• _YOUR TASK_
Write out every entry exactly as it appears, omitting the pictures.
*** GIVEN ENTRIES ***
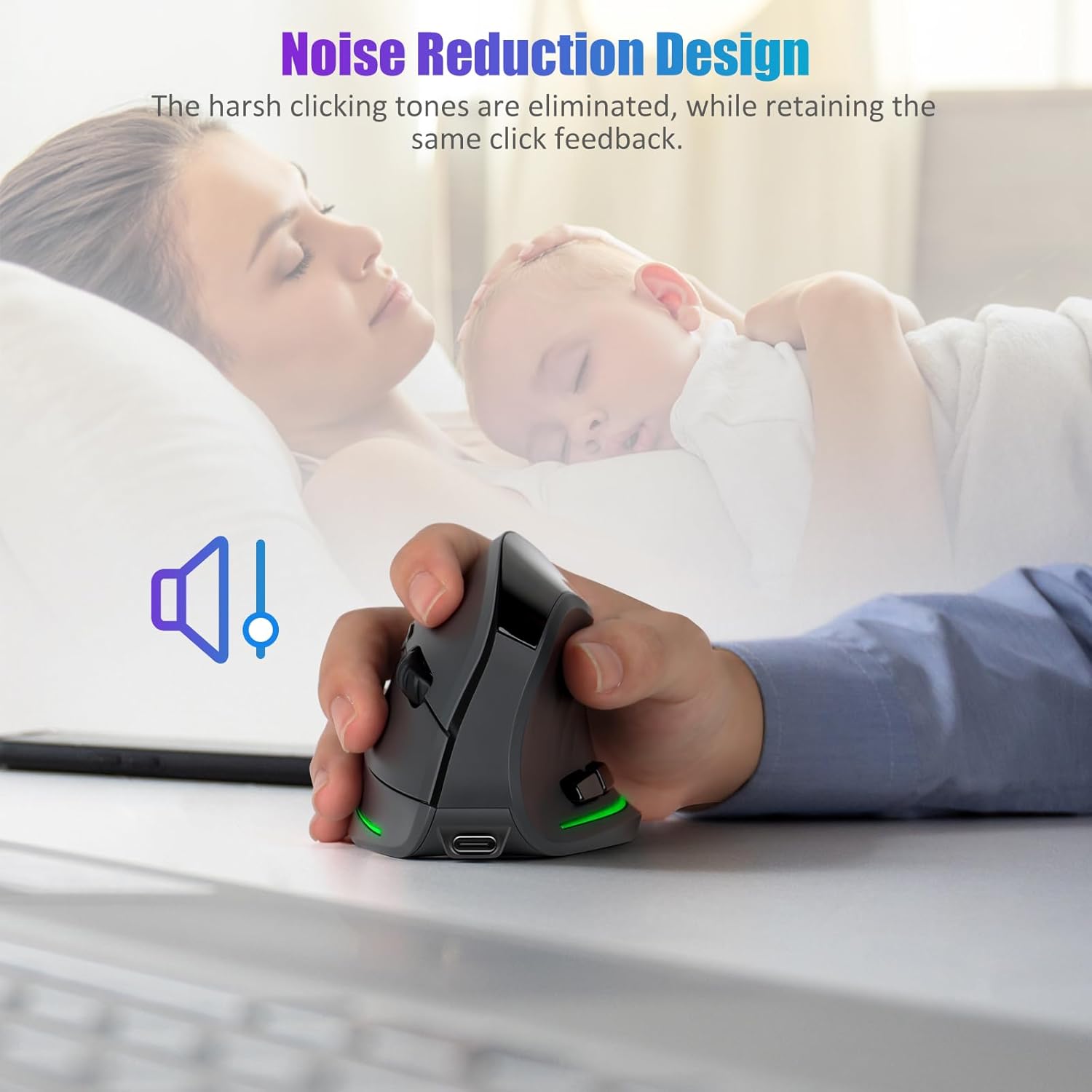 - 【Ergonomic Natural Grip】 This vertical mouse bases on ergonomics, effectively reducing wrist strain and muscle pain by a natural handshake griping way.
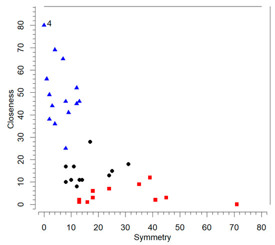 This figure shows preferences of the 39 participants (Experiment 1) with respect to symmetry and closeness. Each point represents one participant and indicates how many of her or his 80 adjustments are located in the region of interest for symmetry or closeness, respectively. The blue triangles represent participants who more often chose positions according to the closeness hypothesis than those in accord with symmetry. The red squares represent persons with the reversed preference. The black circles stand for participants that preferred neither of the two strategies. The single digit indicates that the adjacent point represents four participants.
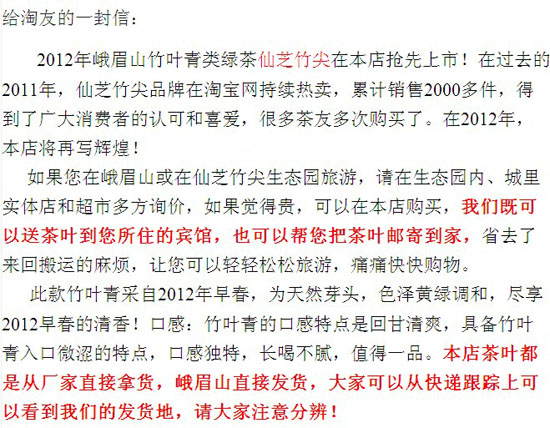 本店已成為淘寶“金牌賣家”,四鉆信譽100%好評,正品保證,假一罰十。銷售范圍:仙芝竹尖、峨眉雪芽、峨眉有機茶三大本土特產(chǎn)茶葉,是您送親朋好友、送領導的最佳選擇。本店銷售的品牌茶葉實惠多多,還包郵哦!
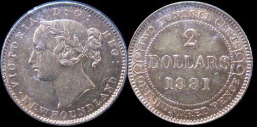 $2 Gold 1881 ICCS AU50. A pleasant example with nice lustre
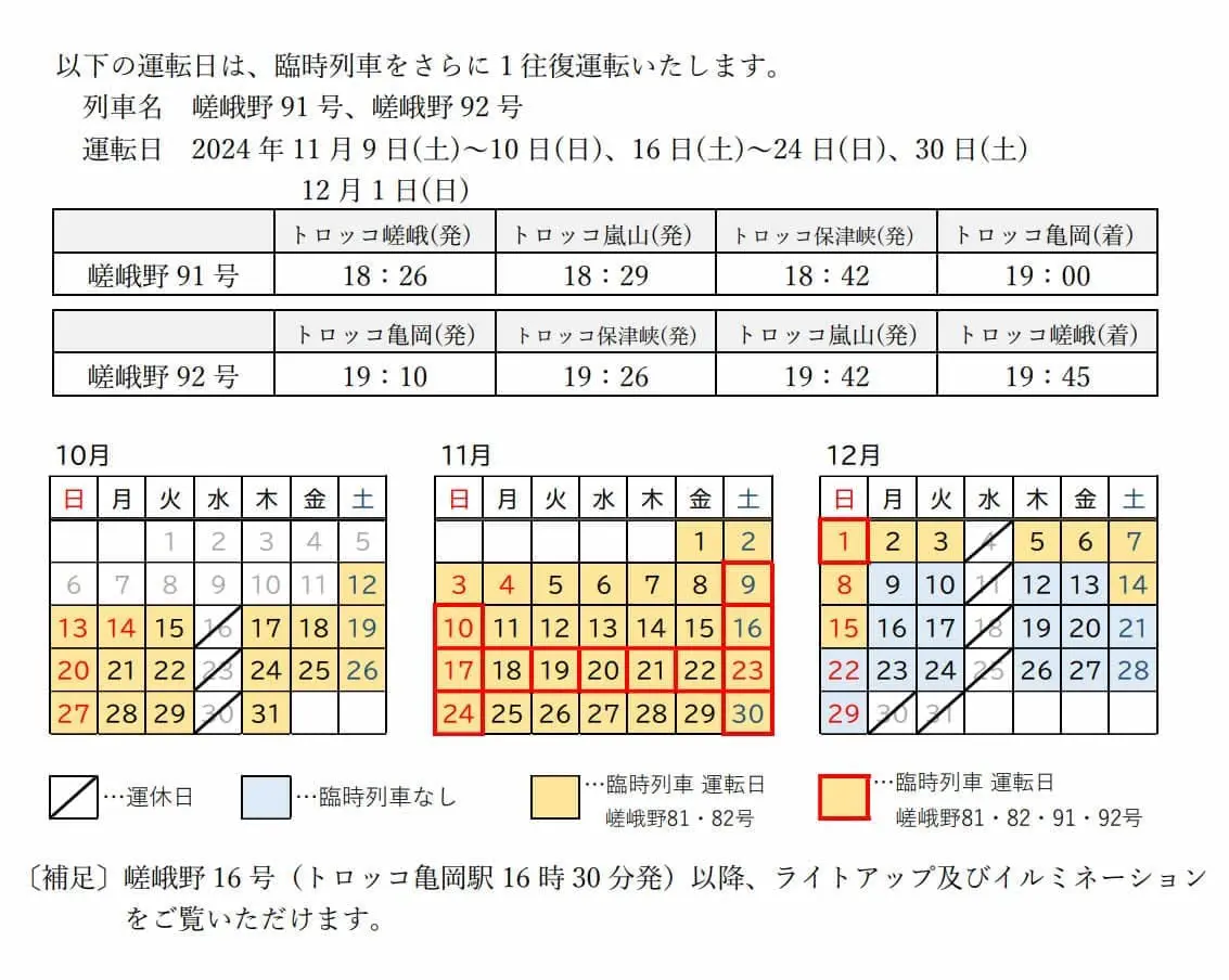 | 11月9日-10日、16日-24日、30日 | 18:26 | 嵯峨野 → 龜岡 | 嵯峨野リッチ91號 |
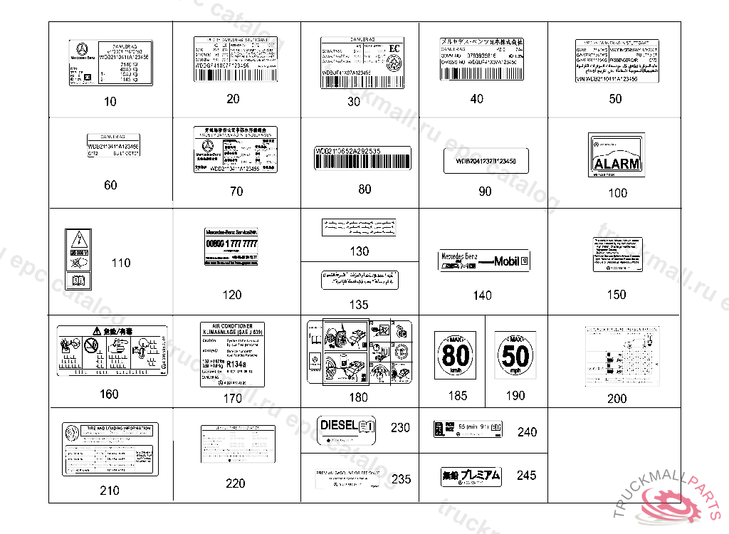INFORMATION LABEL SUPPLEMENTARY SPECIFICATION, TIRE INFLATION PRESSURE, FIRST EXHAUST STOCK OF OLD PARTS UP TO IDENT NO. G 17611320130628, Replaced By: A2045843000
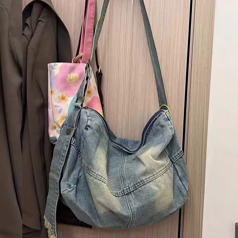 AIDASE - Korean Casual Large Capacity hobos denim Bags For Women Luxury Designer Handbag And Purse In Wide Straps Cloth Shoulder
*** End of GIVEN ENTRIES ***
• _FINISHED EXERCISE_
 - 【Ergonomic Natural Grip】 This vertical mouse bases on ergonomics, effectively reducing wrist strain and muscle pain by a natural handshake griping way.
 This figure shows preferences of the 39 participants (Experiment 1) with respect to symmetry and closeness. Each point represents one participant and indicates how many of her or his 80 adjustments are located in the region of interest for symmetry or closeness, respectively. The blue triangles represent participants who more often chose positions according to the closeness hypothesis than those in accord with symmetry. The red squares represent persons with the reversed preference. The black circles stand for participants that preferred neither of the two strategies. The single digit indicates that the adjacent point represents four participants.
 本店已成為淘寶“金牌賣家”,四鉆信譽100%好評,正品保證,假一罰十。銷售范圍:仙芝竹尖、峨眉雪芽、峨眉有機茶三大本土特產(chǎn)茶葉,是您送親朋好友、送領導的最佳選擇。本店銷售的品牌茶葉實惠多多,還包郵哦!
 $2 Gold 1881 ICCS AU50. A pleasant example with nice lustre
 | 11月9日-10日、16日-24日、30日 | 18:26 | 嵯峨野 → 龜岡 | 嵯峨野リッチ91號 |
INFORMATION LABEL SUPPLEMENTARY SPECIFICATION, TIRE INFLATION PRESSURE, FIRST EXHAUST STOCK OF OLD PARTS UP TO IDENT NO. G 17611320130628, Replaced By: A2045843000
 AIDASE - Korean Casual Large Capacity hobos denim Bags For Women Luxury Designer Handbag And Purse In Wide Straps Cloth Shoulder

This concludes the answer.